In the clip, she uses language that infantilizes the beloved American staple in the same way these influencers talk about cultural foods in the videos she is lampooning.

For Rabalais, these two videos and another she made about chicken nuggets that has 1 million views, are allusions to a growing trend of white TikTok influencers taking already widespread and popular foods from other cultures and trying to pass them off as brand new foods they've discovered.

“I noticed that several creators of color that I follow on TikTok were all commenting on this new trend amongst white creators,” Rabalais told TODAY Food.

The trend that Rabalais was referring to is “spa water,” a recipe one TikTok user recently shared on the platform that is facing criticism for closely resembling a beverage central to Mexican cuisine.

“It’s something that we as Mexicans have been enjoying for many, many moons, called agua fresca,” said Rabalais. “When I saw that, I was a little bit mind-blown. I thought it was a joke and it turns out it wasn’t. And this isn’t the first time it’s happened.”

Accusations of culinary appropriation are frequent on social media. In March 2021, a white blogger incorrectly labeled a noodle dish "pho" and received backlash, and in July 2021, a white woman who started a healthy breakfast company went viral when she called herself the “queen of congee.” Since the Asian rice porridge is over 4,000 years old, she found herself at the center of a social media uproar over her “new” and “improved” version of millennias-old dish native to a continent she didn't come from.

On TikTok, many social media users have called out the Tex-Mex dish cowboy caviar, "spa water" and other food trends for removing their cultural context, which some feel makes them, as one TikTok user stated, “not funny 'ha ha,' funny 'weird.'"

​​Rabalais isn’t the only one to turn the tables in this way, trying to expose what it feels like to have one’s culture appropriated.

Another TikTok user, Clare Brown aka @clarabellecwb, has posted a series of videos in character as a person of color treating aspects of dominant American culture as foreign, strange or bizarre.

“I wore a European tribal print too!
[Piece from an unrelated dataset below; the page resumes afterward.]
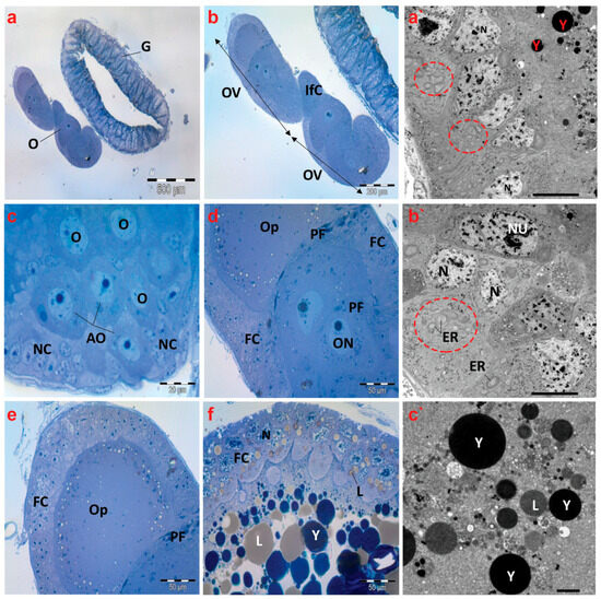 Photomicrographs of semithin sections and transmission electron micrographs of ovarioles of creeping water bugs collected from the reference site (A). (a) exhibits a cross-section of the gut (G) and ovary (O). (b) indicates a higher magnification of (a), showing two ovarioles (OV) and interfollicular cells (Ifc). (c) illustrates a cross-section of the tropharium, signifying arrested oocytes (AO), oocytes (O), and nurse cells (NC) or trophocytes. (d) presents three previtellogenic oocytes, spindle-shaped prefollicular cells (PF), oocyte nucleus (ON), follicular cells (FC), and ooplasm (OP). (e) demonstrates a previtellogenic oocyte surrounded by follicular cells (FC), with ooplasm (OP) and spindle-shaped prefollicular cells (PF). (f) shows a vitellogenic oocyte surrounded by follicular cells (FC), with nucleus (N), ooplasm filled with yolk granules (Y) and lipid droplets (L). (a`,b`) exhibit electron transmission micrographs of ovarioles, manifesting the nucleus (N), binucleated follicular cells (Nu), yolk granules (Y), and numerous endoplasmic reticula (ER) (encircled), while (c`) shows yolk granules (Y) and lipid droplets (L). (a) (scale bar = 500 µm and magnification ×40), (b) (scale bar = 200 µm and magnification ×100), (c) (scale bar = 20 µm and magnification ×1000), (d) (scale bar = 50 µm and magnification ×400), (e) (scale bar = 50 µm and magnification ×400), (f) (scale bar = 50 µm and magnification ×400), (a`) (scale bar = 10 µm and magnification ×800), (b`) (scale bar = 10 µm and magnification ×800), and (c`) (scale bar = 2.0 µm and magnification ×2000).

Howdy, howdy,” she says in a TikTok, pretending to be a woman going to Cracker Barrel for the first time, treating the viewer like an acquaintance or server who doesn’t understand what she’s saying, as a way to show what microaggressions feel like to the folks they’re directed at.

The "spa water" controversy has also made its way to Twitter, where users are mocking the way so many influencers whitewash and rebrand their cultural foods.
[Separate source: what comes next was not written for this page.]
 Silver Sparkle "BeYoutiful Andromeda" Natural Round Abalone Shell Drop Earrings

“Cheese pancakes from mexico,” wrote one Twitter user, mockingly, including an emoji of the flag of El Salvador and photos of pupusas, El Salvador's national dish.
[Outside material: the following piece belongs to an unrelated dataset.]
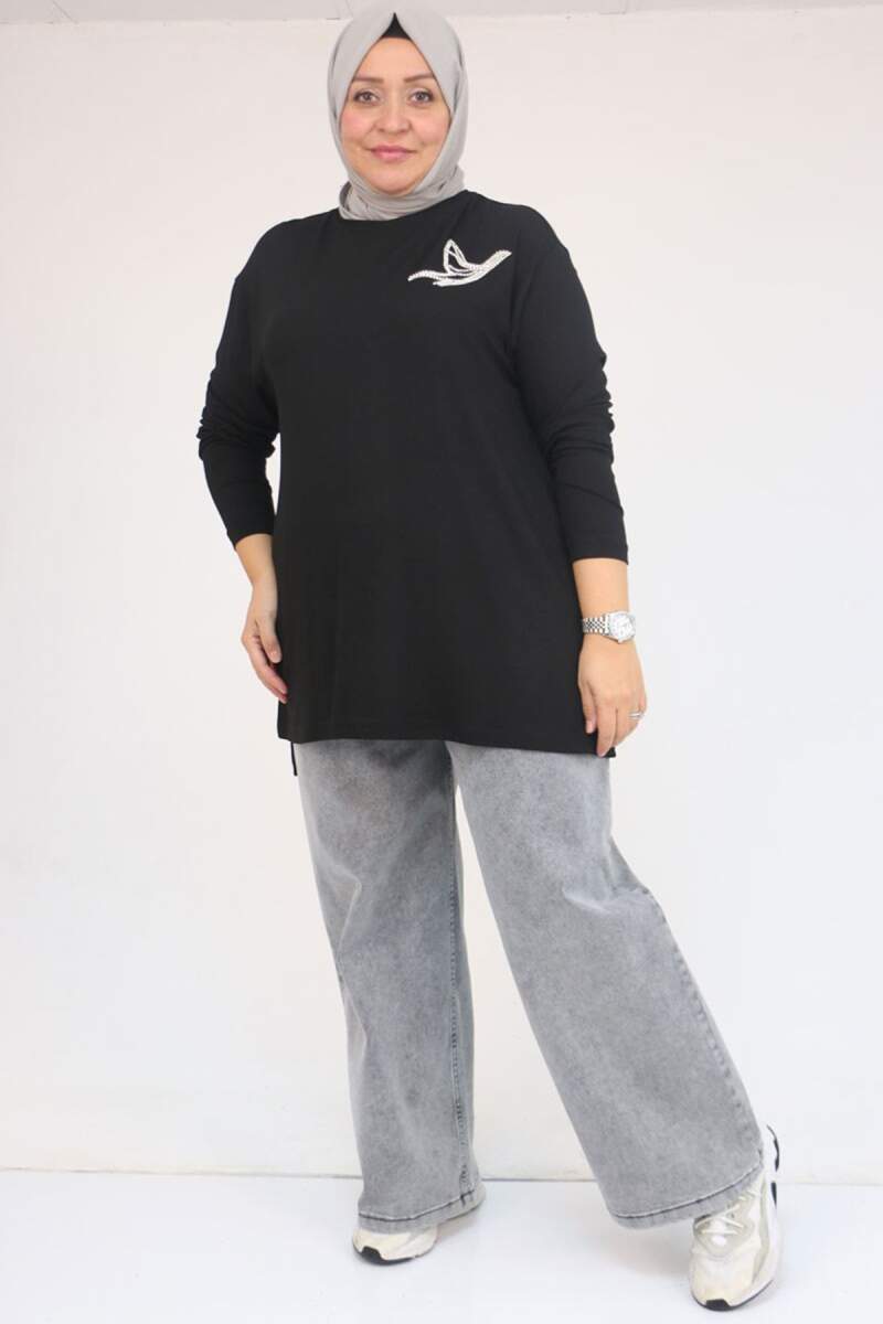 58149 Büyük Beden Taş Baskı Detaylı Çilek Tunik - Siyah

“Omg i can’t be the only one obsessed with hispanic hot pockets and rice cinnamon (lattes) like they taste so good,” tweeted the same user, including images of tamales and horchata.

Rabalais said that most of the attention she’s gotten has been positive, but there are some outliers. A few comments under Rabalais’ videos wondered how anyone could tell the difference between cultural appropriation versus appreciation. 

“Serious question: are people not of a different culture not allowed to cook/eat foods outside of their 'culture' or lack there of or what?” asked one commenter on TikTok.

“Culture is a beautiful thing. It’s something that should be shared and celebrated,” Rabalais told TODAY, in response to that comment. Happily sip your glass of agua fresca or take comfort in a hot bowl of congee, but know where it came from — and don’t erase that fact.

“Unfortunately, it can sometimes even lead to the original people who have been making these dishes, being priced out of them,” Rabalais explained, pointing to avocados and mangoes both becoming much more expensive as their popularity grew.

“These are dishes and foods that, growing up, a lot of us were maybe bullied for. I know I was,” Rabalais said. “Now all of a sudden, it’s popular and trendy just because white people decided that it’s OK. That’s where the issue lies.”